Apart from Bryan Brown, the Australian cast is unfamiliar to me, but a number of them were clearly authoritative actors who delivered the goods portraying those doing the robbery and those being robbed. The casting evidently was very good.
The film delivers a real punch. It's tough. The staging is top notch.
The script is not simple. As the film unfolds, one gradually understands what's going on. Exposition of who is who and what is going on is not handed to you on a verbal silver platter. You have to understand it by the action. It will be easier on a second viewing.
There are real feelings of desperation, pressure, deception, corruption and risk-taking being communicated throughout the entire film, and virtually by everyone involved, lawbreakers or not. Police play no part in this film, as it is largely told from the point of view of the robbers.

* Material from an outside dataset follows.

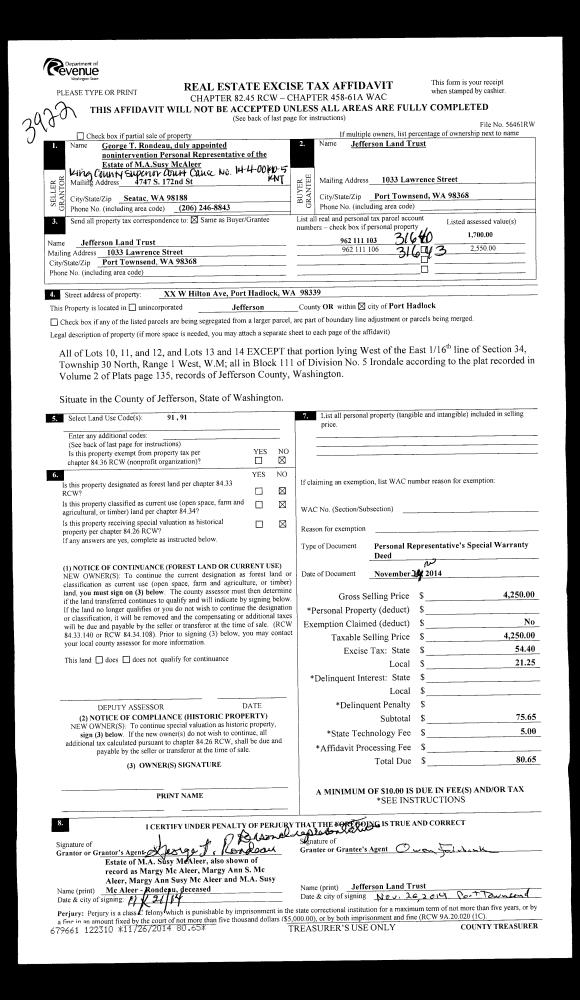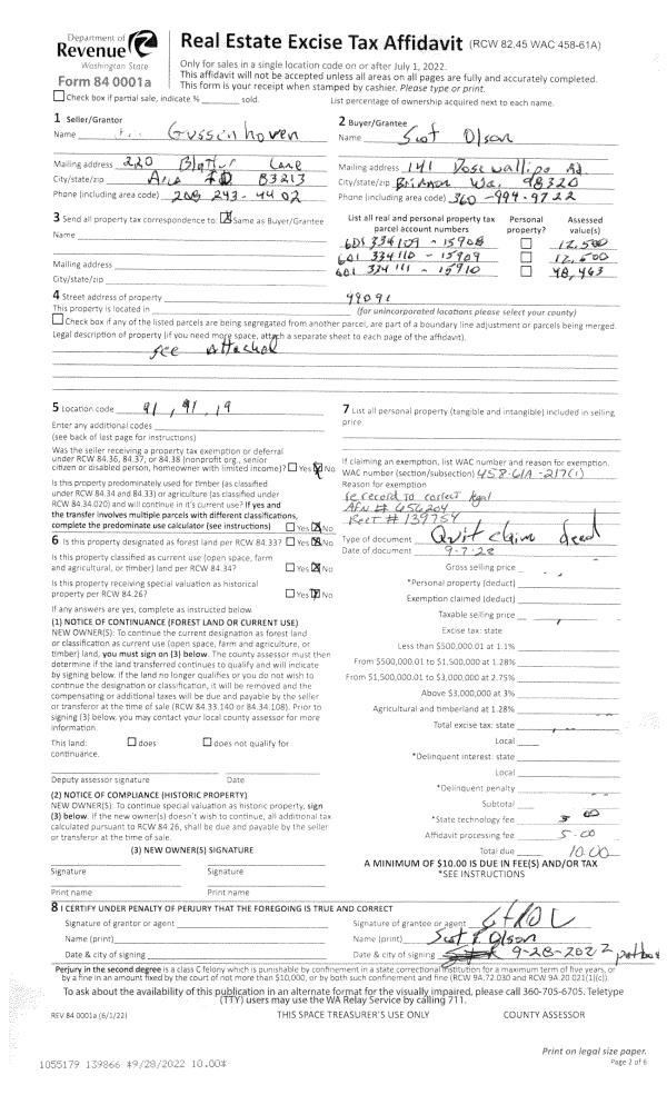 | 1 | 12/09/2015 | SWD | Statutory Warranty Deed | DAN YOURA | CHIMACUM PROPERTIES LLC | | | $262,500.00 | 124519 | |

The 1970s saw film noir go into a new, fresh and original phase. This happened throughout the world. Movie makers are quick to imitate artistic innovations and box office demand helps shape the film content. Films compete in an international market.
Where black and white seems most appropriate for conveying certain feelings and moods such as threat, mystery, confusion, madness, suspense and danger, color seems most appropriate for other kinds of feelings and moods such as corruption, decadence, sexual passion, violence, and opaque characters whose moral values are unclear. Locales of all kinds seem to become more mysterious and often oppressive when filmed in color. This is not to say that a good director cannot capture any desired mood using either film medium.
Somehow, even though different, the mood of this film reminds me of such films as "Villain" (1971), "Prime Cut" (1972) and even "Rolling Thunder" (1977). But it's more likely the forerunner of a movie like "Sexy Beast" (2001).